Solar activity goes in a roughly 11-year cycle. Sunspots are the visible signs of that activity, and they are the sites from which massive solar storms lift off. The past two years have marked the lowest low in the cycle since 1913, and for a while scientists were wondering if activity would ever pick back up.

More:   http://www.space.com/scienceastronomy/090706-sunspot-activity.html
Growing Old is mandatory - Growing Up is optional

mickw

Just looking at the number of sunspots doesn't provide a full picture of how the sun's solar energy impacts Earth, a new study suggests. The findings contradict previous thinking about how the sun behaves during low points in its solar cycle.

"What we're realizing is that the sunspots do not tell the whole story," said Sarah Gibson, a scientist from the National Center for Atmospheric Research (NCAR) in Boulder, Colo.

More:   http://www.space.com/scienceastronomy/090917-sunspot-solar-cycle.html
Growing Old is mandatory - Growing Up is optional

Carole


Rick

(From the :roll: school of journalism...)

A question posed to Aberdeen tourist information staff could get easier to answer as an "awakening" Sun raises chances of seeing the Aurora Borealis.

Tourism staff have been asked in the past when the "lights were turned on".

Experts have been reporting that the sun was stirring after a period of low activity.

More: http://news.bbc.co.uk/1/hi/scotland/highlands_and_islands/8510377.stm

Rick

Complex Eruption on the Sun:  On August 1st around 0855 UT, Earth orbiting satellites detected a C3-class solar flare. The origin of the blast was sunspot 1092. At about the same time, an enormous magnetic filament stretching across the sun's northern hemisphere erupted.

More on SpaceWeather.com (2nd August 2010)

mickw

Growing Old is mandatory - Growing Up is optional

mickw

Growing Old is mandatory - Growing Up is optional

Rick

QuoteThe material belched from the sun during the Aug. 1 flare is not expected to cause any disturbances on Earth other than creating spectacular auroras. Auroras are created when charged particles are caught by Earth's magnetic field and interact with the atmosphere above the poles.

The Aug. 1 solar flare was a moderate C-class flare. The coronal mass ejection it set off created a strong so-called geomagnetic storm that lasted nearly 12 hours – enough time for auroras to spread from Europe to North America, NASA officials said in a statement.

Stronger solar storms could cause adverse impacts to space-based assets and technological infrastructure on Earth.

So much excitement over a relatively small event. What's the betting the next really big one will be ignored completely (until...)...

PhilB

Quote from: Rick on Aug 05, 2010, 23:15:59.......What's the betting the next really big one will be ignored completely (until...)...

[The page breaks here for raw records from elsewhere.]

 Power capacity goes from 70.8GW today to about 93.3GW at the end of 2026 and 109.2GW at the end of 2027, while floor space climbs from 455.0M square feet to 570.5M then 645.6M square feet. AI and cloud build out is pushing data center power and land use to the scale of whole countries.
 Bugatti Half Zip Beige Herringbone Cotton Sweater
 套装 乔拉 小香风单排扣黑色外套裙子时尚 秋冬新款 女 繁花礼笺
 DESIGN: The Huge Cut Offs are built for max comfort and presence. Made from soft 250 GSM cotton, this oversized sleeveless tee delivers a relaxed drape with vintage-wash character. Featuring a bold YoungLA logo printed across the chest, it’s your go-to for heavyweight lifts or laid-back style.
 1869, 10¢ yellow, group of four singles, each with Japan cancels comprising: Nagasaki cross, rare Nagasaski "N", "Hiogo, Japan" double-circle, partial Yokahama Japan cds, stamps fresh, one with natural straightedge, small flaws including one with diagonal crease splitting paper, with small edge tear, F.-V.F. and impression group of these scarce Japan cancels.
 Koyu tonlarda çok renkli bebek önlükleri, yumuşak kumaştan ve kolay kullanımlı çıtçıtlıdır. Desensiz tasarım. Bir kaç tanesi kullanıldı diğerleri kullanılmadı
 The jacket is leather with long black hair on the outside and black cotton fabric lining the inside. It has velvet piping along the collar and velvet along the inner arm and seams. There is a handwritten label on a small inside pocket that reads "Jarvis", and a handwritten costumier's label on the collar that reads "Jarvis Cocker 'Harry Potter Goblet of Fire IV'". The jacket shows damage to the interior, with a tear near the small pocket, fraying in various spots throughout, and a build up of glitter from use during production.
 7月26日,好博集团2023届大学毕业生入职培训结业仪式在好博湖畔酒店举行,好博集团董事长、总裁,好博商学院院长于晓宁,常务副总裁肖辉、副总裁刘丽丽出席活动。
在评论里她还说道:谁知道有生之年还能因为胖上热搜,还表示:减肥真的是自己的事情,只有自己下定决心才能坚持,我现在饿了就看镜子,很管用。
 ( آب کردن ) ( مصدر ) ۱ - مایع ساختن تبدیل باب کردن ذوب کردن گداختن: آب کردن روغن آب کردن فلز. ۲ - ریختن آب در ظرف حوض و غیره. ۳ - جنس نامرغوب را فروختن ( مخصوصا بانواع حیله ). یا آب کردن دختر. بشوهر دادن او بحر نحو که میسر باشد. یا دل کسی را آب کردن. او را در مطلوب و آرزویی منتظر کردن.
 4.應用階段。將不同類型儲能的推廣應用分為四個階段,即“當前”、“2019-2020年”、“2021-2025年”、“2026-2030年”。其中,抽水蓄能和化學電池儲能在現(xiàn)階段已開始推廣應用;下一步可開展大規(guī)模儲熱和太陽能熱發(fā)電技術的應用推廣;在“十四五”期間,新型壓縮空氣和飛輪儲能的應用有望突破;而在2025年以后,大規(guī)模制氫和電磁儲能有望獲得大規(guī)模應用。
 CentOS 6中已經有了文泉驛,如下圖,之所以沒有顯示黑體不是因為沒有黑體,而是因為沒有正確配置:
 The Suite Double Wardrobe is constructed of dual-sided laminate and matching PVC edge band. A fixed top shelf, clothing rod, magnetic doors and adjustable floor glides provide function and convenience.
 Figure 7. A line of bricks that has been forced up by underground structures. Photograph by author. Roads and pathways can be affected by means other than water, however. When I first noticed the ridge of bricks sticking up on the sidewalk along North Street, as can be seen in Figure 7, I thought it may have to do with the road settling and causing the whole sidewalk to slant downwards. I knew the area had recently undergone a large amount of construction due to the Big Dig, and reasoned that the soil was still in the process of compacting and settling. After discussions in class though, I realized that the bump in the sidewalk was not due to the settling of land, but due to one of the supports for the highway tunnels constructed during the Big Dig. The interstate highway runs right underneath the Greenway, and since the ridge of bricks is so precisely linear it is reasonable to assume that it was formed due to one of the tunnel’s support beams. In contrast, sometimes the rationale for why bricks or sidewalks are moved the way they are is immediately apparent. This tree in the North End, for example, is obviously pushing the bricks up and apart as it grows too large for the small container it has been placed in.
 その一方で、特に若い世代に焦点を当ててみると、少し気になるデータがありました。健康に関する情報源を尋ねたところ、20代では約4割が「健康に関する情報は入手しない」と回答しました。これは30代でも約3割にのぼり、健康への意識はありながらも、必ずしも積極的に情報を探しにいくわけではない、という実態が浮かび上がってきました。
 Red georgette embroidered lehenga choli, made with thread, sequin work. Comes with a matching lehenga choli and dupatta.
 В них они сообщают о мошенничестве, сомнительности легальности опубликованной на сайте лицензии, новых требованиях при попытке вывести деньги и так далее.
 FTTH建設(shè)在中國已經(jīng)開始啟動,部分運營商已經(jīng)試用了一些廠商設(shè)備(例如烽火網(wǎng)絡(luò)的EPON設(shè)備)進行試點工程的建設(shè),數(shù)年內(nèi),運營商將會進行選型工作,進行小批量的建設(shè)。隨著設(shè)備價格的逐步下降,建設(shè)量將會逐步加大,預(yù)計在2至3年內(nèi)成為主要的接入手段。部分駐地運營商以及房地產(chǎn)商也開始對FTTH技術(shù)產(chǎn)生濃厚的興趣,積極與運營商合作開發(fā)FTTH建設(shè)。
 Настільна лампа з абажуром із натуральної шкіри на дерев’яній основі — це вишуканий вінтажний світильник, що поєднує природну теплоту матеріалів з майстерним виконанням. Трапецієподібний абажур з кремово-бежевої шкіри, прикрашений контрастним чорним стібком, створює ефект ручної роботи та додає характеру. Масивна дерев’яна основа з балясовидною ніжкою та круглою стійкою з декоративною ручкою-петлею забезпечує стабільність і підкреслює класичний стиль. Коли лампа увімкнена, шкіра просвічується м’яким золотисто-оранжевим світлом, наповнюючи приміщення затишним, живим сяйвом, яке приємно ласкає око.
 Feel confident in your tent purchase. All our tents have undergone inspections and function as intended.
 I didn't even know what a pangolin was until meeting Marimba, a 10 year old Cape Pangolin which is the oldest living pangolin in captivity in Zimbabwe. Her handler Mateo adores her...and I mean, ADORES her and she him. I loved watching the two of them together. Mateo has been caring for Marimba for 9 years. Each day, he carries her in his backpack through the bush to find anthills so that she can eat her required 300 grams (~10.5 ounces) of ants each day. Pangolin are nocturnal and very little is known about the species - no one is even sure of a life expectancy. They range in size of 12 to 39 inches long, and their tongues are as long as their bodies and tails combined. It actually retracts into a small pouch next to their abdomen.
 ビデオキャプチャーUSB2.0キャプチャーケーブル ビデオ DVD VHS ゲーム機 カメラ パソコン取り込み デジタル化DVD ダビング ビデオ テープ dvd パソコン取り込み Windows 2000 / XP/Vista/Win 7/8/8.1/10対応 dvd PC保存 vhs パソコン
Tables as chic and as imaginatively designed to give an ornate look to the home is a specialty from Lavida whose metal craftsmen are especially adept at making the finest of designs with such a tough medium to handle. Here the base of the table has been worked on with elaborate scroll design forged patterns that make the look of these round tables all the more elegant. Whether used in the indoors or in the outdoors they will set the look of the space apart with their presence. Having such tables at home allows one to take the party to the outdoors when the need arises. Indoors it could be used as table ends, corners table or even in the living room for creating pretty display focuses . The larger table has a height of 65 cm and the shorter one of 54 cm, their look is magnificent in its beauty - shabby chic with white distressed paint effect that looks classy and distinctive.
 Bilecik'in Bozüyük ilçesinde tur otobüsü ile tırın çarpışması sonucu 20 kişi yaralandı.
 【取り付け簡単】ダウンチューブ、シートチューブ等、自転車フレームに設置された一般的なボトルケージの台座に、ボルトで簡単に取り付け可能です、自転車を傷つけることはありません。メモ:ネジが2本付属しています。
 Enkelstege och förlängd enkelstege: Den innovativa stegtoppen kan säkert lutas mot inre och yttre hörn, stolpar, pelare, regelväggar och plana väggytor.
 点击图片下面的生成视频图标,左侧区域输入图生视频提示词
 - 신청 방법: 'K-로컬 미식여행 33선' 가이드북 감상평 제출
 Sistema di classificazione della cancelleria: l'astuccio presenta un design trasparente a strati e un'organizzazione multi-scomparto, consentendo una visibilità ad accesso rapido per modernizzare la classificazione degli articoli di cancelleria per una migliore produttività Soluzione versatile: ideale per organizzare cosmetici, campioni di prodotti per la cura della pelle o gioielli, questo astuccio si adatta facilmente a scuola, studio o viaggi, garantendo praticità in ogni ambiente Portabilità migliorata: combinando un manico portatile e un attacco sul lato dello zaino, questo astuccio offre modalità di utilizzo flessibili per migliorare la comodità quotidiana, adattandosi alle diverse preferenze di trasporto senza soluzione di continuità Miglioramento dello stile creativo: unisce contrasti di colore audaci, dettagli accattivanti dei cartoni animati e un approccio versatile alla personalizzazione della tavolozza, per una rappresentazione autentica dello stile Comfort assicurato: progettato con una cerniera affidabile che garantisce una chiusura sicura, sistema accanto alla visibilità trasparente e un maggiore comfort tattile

...it takes out the National Grid   :o

You're probably right  :roll:
"Never worry about theory as long as the machinery does what it's supposed to do."  Robert A. Heinlein

Rick

Irregular heartbeat of the Sun driven by double dynamo

A new model of the Sun's solar cycle is producing unprecedentedly accurate predictions of irregularities within the Sun's 11-year heartbeat. The model draws on dynamo effects in two layers of the Sun, one close to the surface and one deep within its convection zone. Predictions from the model suggest that solar activity will fall by 60 per cent during the 2030s to conditions last seen during the 'mini ice age' that began in 1645. Results will be presented today by Prof Valentina Zharkova at the National Astronomy Meeting in Llandudno.

It is 172 years since a scientist first spotted that the Sun's activity varies over a cycle lasting around 10 to 12 years. But every cycle is a little different and none of the models of causes to date have fully explained fluctuations. Many solar physicists have put the cause of the solar cycle down to a dynamo caused by convecting fluid deep within the Sun. Now, Zharkova and her colleagues have found that adding a second dynamo, close to the surface, completes the picture with surprising accuracy.